The present work applied methods, initially presented in the context of a meta-analysis comparing 2 treatment effects with a categorical outcome, to the analysis of multi-center-antimalarial trials, comparing 3 treatments, with a 4-categorical primary outcome, using individual patient data. All the methods were implemented using free available softwares. Their performances were assessed using simulated data sets. Both a frequentist and Bayesian approaches were implemented. In the simulation settings, we considered a general case of a mixed effects model. The ML method was faster than the IGLS and GEE methods. All the methods produced minimal biases. Another R function can be used like lrm (Hmisc library using the library Design) which is more restricted at present in the choice of the link functions.

Our results from the multi-centre trial showed a significant decrease in efficacy in the sulfadoxine-pyrimethamine-arm as compared with the amodiaquine-arm. This means that there was less ACPR and more failures with SP. No significant difference was observed between amodiaquine and the combination AQ + SP. Similar results hold for both the frequentist and Bayesian approaches. The proportional odds assumption between treatments was not rejected. The proposed model can be a useful way when dealing with a small number of centers with more than 2 treatments.

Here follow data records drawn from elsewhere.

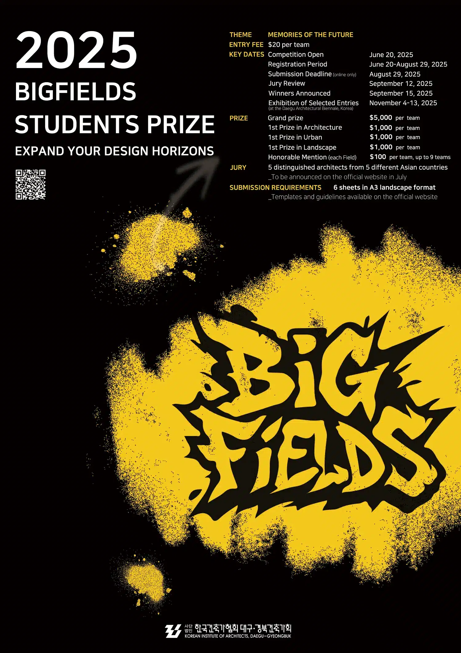 تدعو جائزة Bigfields للطلاب الطلاب من جميع أنحاء آسيا لطرح أسئلة عميقة حول مستقبل العمارة، المدن، والمناظر الطبيعية. وبدون موقع أو برنامج محدد، يشجع هذا التحدي على التفكير الإبداعي والجريء تحت عنوان “ذكريات المستقبل”، حيث يُطلب من المشاركين تصميم مساحات ليست للماضي أو الحاضر، بل لتلك اللحظات والأماكن التي تستحق أن تُتذكر في السنوات القادمة.
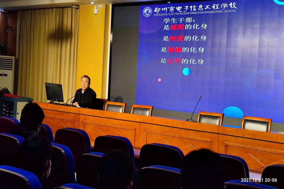 2021年12月22日,郑州市电子信息工程学校召开了第五期学生干部领导力培训会议。该会旨在提高我校学生干部对规则和制度的敬畏之心,帮助学生树立公平公正的工作态度。出席会议的有校党委书记、校长李京辉、政教处政教员赫建富老师和各班学生干部,会议由赫建富老师主持。
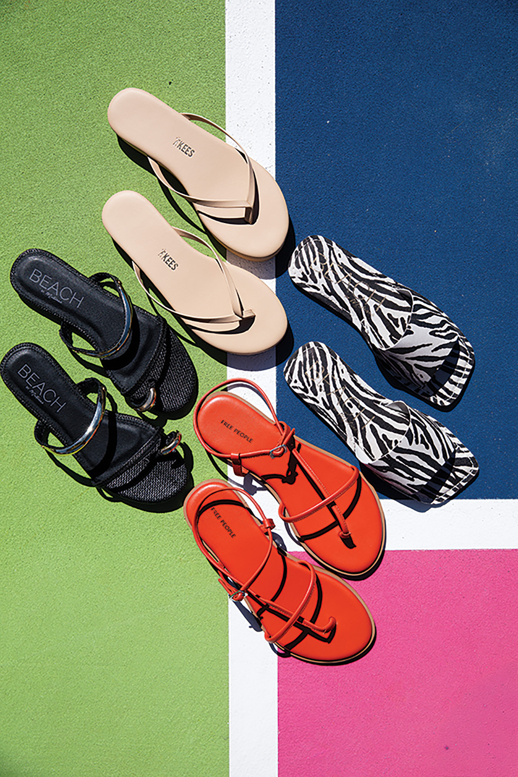 TKEES neutral sandal and bold orange Free People sandals available at HEMLINE MONROE. Zebra print flats and Beach black and metallic sandals available at HERRINGSTONE’S.
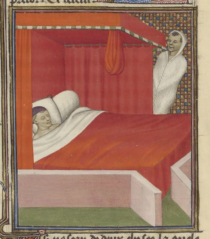 Parigi, Bibliothèque de l'Arsenal, 5193, f. 76v. Un cadavere avvolto in un sudario appare in sogno a Simonide.
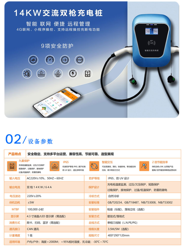 | 名 称 | 双枪充电桩 | 输出电流 | 双枪1 4 K W / 6 4 A |
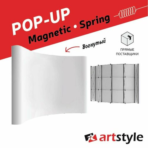 Pop-up — компактная конструкция мобильных стендов в своей основе имеет раскладывающуюся единую решетку с металлическими ребрами, на которые крепятся специальные фотопанели.
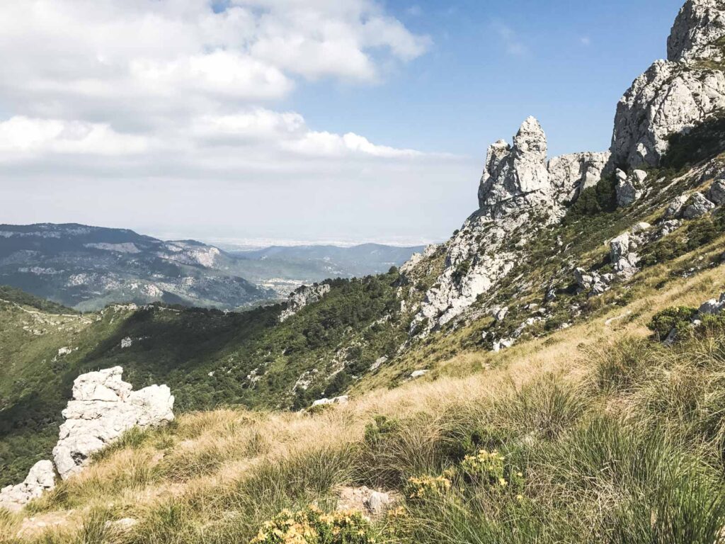 Busfahrt auf die andere Seite des Galatzós nach Puigpunyent, einem kleinen in den Bergen gelegenen Städtchen. Wir wanderten am fünften Tag zunächst zu einer herrschaftlichen Finca. Hier gab es mittags ein landestypisches Picknick und eine längere Rast. Der Weg zur Finca war echt anstrengend, es ging bergauf, bergab. Einige aus unserer Gruppe nutzten das Angebot mit dem Jeep zurück gebracht zu werden. Der Rest und wir beide machten uns wieder zu Fuß auf den beschwerlichen Weg zurück. Am Fuß des Galatzós teilte sich die Gruppe noch weiter. Fünf Wanderer, unter anderem ich wollten noch den Gipfel erklimmen. Petra fühlte sich schon etwas kaputt und ging mit den übrigen und der Wanderführerin um den Berg zurück zum Hotel nach Estellencs. Oben angekommen konnten wir die Ausblicke auf die Westküste und die Ebene von Palma genießen.
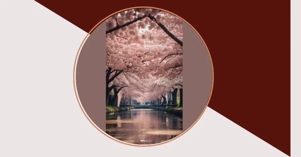 Wouldn’t it be super cool to paddle around in a little boat on that water, surrounded by falling cherry blossom petals? It’s basically like living in a romantic movie, except instead of awkward flirting, you can just chill and admire the view. Plus, imagine how good that air smells – forget perfume, blossom air is the new must-have fragrance!
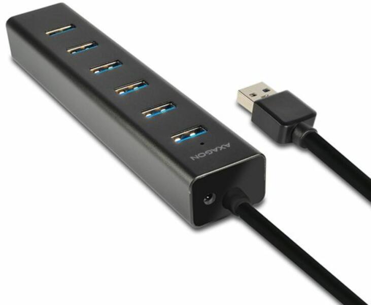 AXAGON HUE-SA7BP USB3.0 Töltőhub - 6 Portos, Fekete
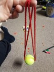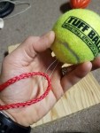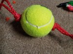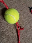 Anyway, here’s a photo gallery showing how I made the “sharpshooter” tennis ball one. Follow the captions below the photos. Once it’s done, all you have to do is anchor your ball to opposing surfaces or sturdy objects — hooks in walls, posts, pillars, or what-have-you — using bungee cords.
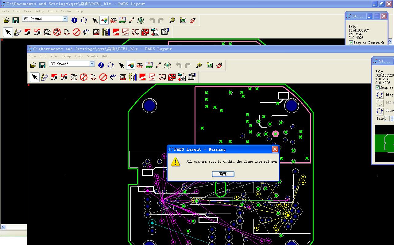 在電源層先點了plane area 畫了一個大的外框,然后又點了auto plane separate 開始分割其他的電源,在分割畫框線時,彈出上述問題的
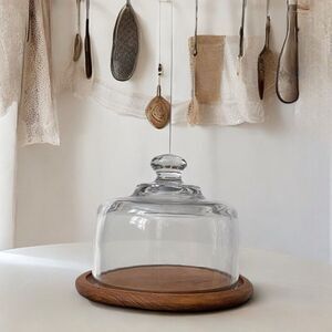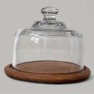 Round, Genuine Teak Wood Base with Clear Glass Cheese Dome Cloche
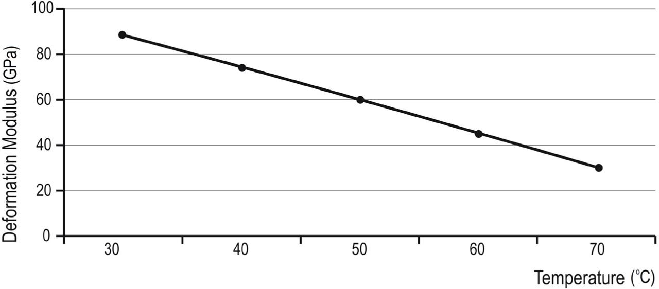 There is little knowledge regarding the behaviour of GRP pipes that are subjected to high temperatures. In 2008, the temperature effect on GRP pipes was analysed and described in paper [6]. According to the authors’ experimental studies, the deformation modulus of GRP pipes decreased with an increase in temperature, as presented in Figure 2. The research included a rise of temperatures from 30°C to 70°C, and for this interval, the deformation modulus decreased by 62%.
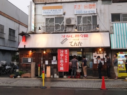 自家製麺 てんかで開店直後でしたが、行列のうえに急なドシャ降りで30分後にやっと汁なし担々麺 並@780を注文説明に書かれている通りに真っ赤かです食べてみると、見た目より辛くは無く麺はモチモチしていて、中に入っているピーナッツがいい風味に〆にスープ割りで完食です
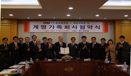 지난 11월 30일 우리학교와 (주)동성중공업의 계명가족회사 협약식(MOU)이 본관 중회의실에서 열렸다.
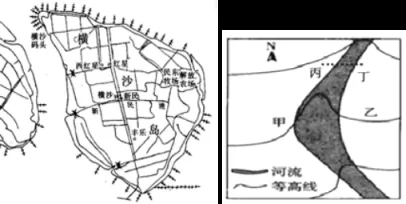 在海边或河流边,我们有时会看到如下图的水工建筑,那就是“丁坝”。因为它一端与海(河)岸相接,另一端伸到水域中,与堤岸构成“丁”字形,因此叫“丁坝”。读以下两图,回答下面小题。
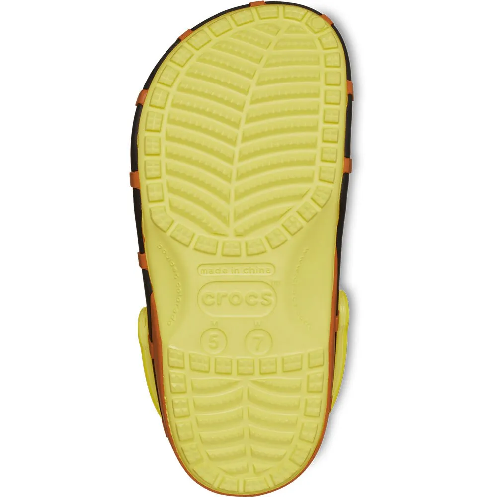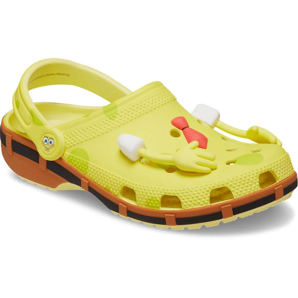 Впитывающие, желтые и пористые - классические сабо Губки Боба уже здесь! Эта эксклюзивная модель украшена принтом по всей поверхности, напоминающим Губку Боба Квадратные Штаны в виде обуви, с подвижными ручками Jibbitz.
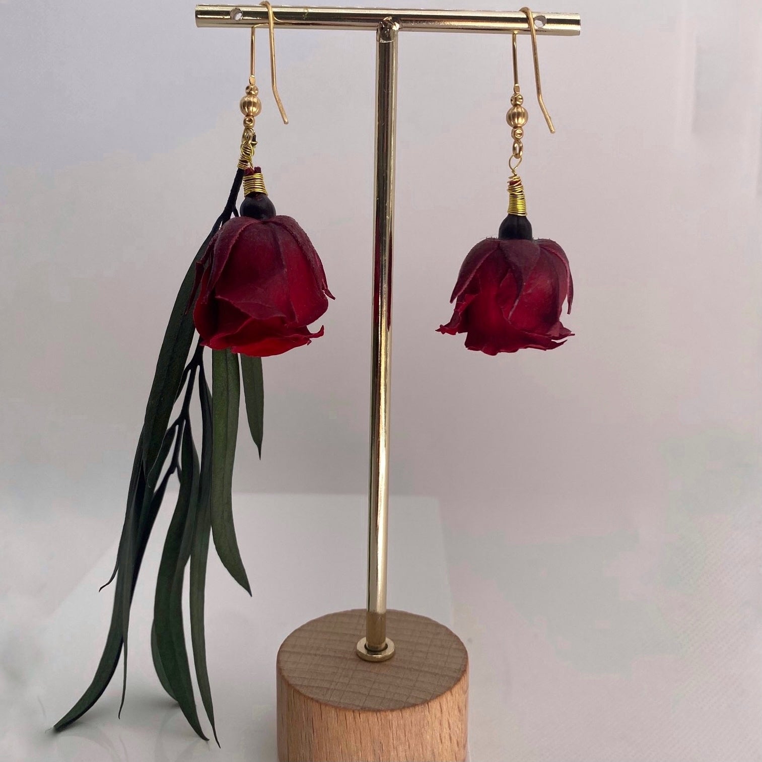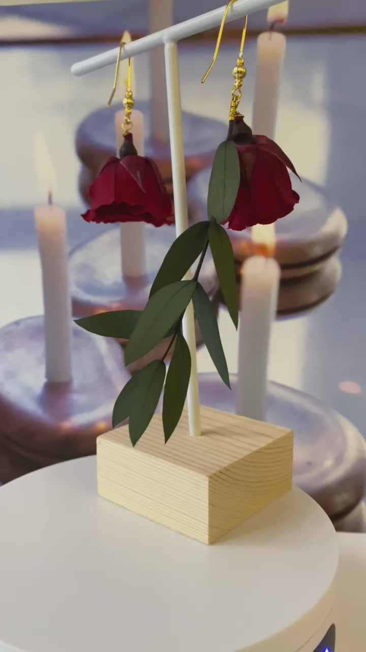 Boucles d'oreilles très raffinées, composées de roses type princesse stabilisées et de feuilles vertes stabilisées, elles sont asymétriques donc un côté sera long et l'autre court, à vous de choisir.
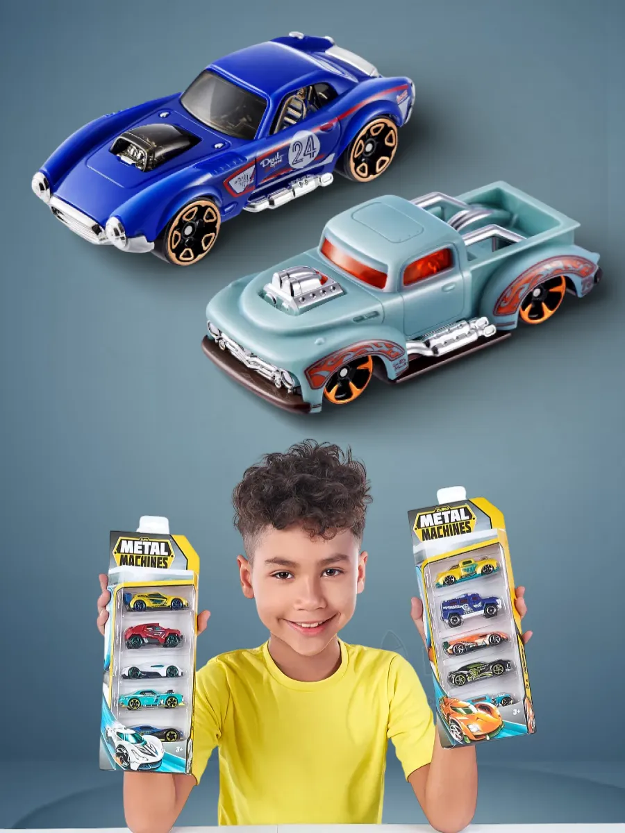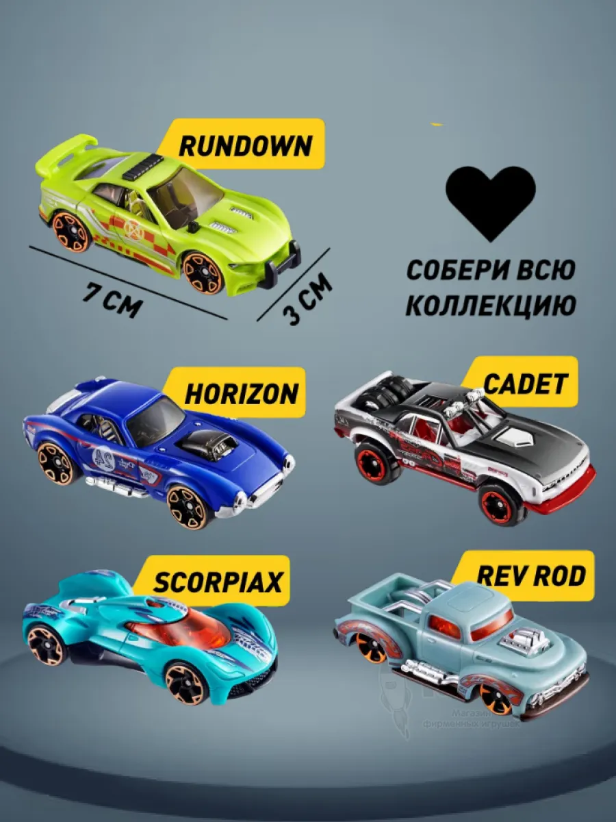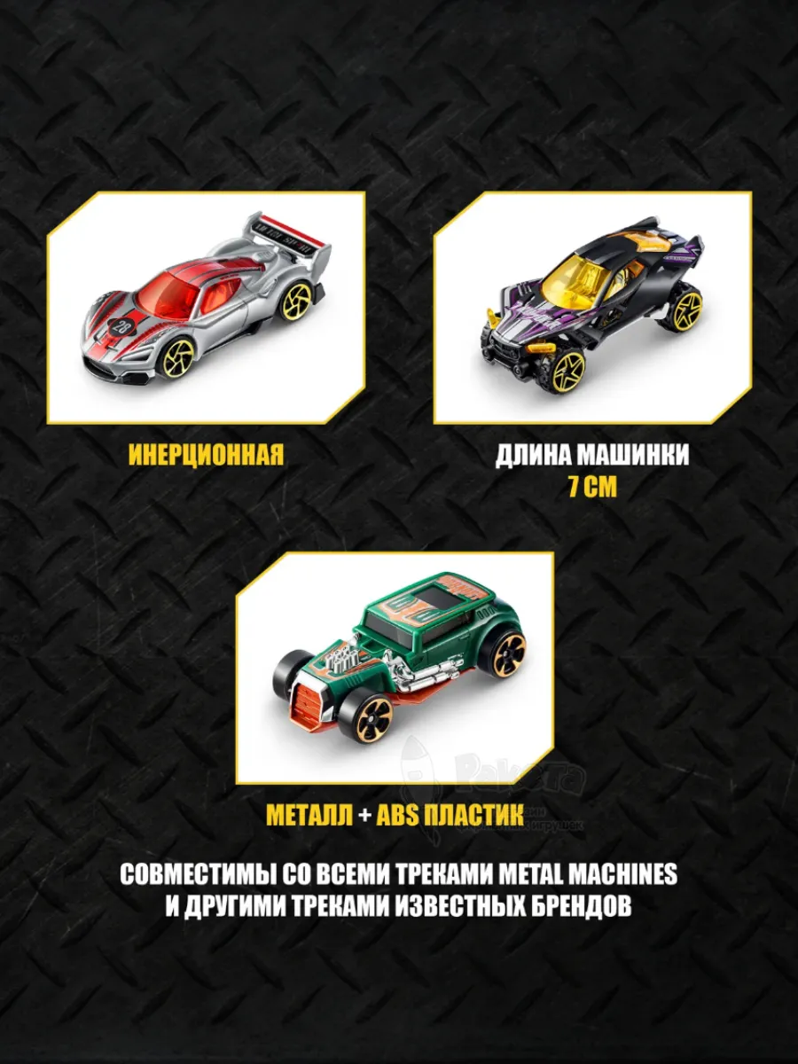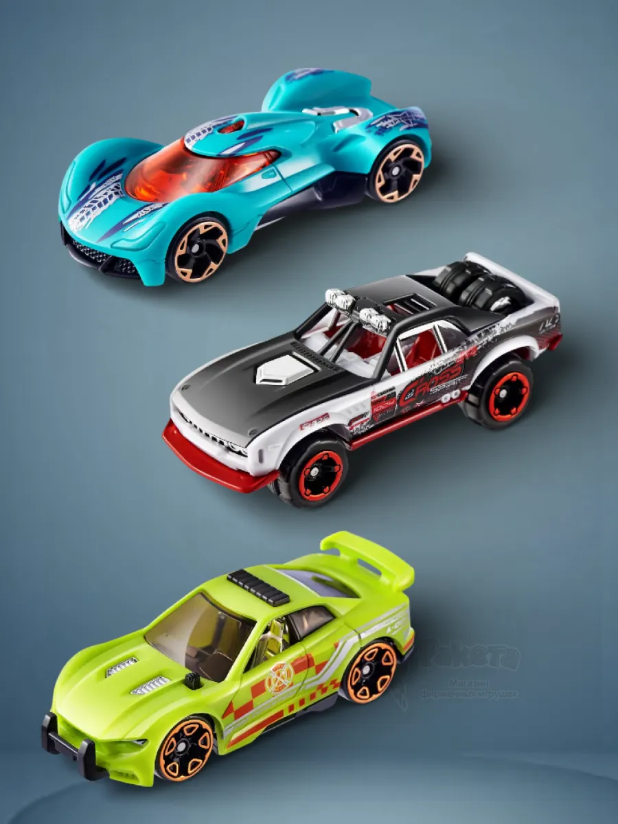 В наборе - 5 машинок с ярким дизайном и рисунком в стиле аэрографии. Свободные поворотные колеса.

Regarding the dependence between the outcome and the explanatory variables, a recent study [15] reported patient's age as a significant factor associated with antimalarial treatment failure, more specifically with artemisinin derivatives and quinine. Indeed, the study showed that children less than 5 years old had a significant risk of treatment failure as compared with children more than 5 years. In our analysis, no significant age effect was found, but our data concerned mostly children less than 5 years. Covariates, like haematocrit, gender, auto-medication before study enrollment, were not significant. In contrast, the baseline temperature was significantly associated with the outcome, showing that patients with a low temperature at inclusion were more likely to have a good treatment response. For the SP treatment, the decrease could be related to a gene mutation, responsible for a resistance towards SP [1618]. The SP resistance was also confirmed in a recent study in South Africa [19]. The emergence of resistance led to the use of Artemisinin-based Combination Therapies (ACTs) which play an important role in the reduction of malaria transmission [20]. Thus, ACTs are widely used as first-line treatment of malaria in Africa [2128].

The present work presented some statistical methods to handle the WHO criteria globally. They appear adapted for assessing antimalarial treatment in clinical trials, or in other studies with an ordinal outcome. It contrasts with previous methods [15], which reduced the outcome into a binary variable, for instance ACPR versus non ACPR. Only 3.5% were missing data. By eliminating drop-out or excluded patients in the final analysis, we assumed that they were missing completely at random (MCAR). Incorporating these into the analysis would require an imputation of the missing category. For such imputation, wide-range methods have been studied [29], but remain a topic to study in the case of malaria.

Other study designs are presently available in which patients have repeated standardized visits during their follow-up. Thus repeated categorical responses are available for each subject. All methods used in the case of a single categorical response, can however, be extended to repeated categorical responses [30].

Conclusion

The approach of modeling the WHO criterion as an ordinal criterion is innovative in the sense that, it gives a gain of information and precision on the estimate of the treatment effect using a global analysis of the four-category outcome instead of either comparing the rate of ACPR only, without being able to differentiate treatments when they present an identical percentages in the ACPR category but, different repartitions in the remaining three other categories, or repeating a similar binary analysis for each category, then exposing to the increase of the type-1 error. This analysis could help in avoiding a conclusion on an equal treatment effect whereas there is not or, vice-versa. In addition, this approach is able to take into account individual's covariates to improve the prediction of efficacy.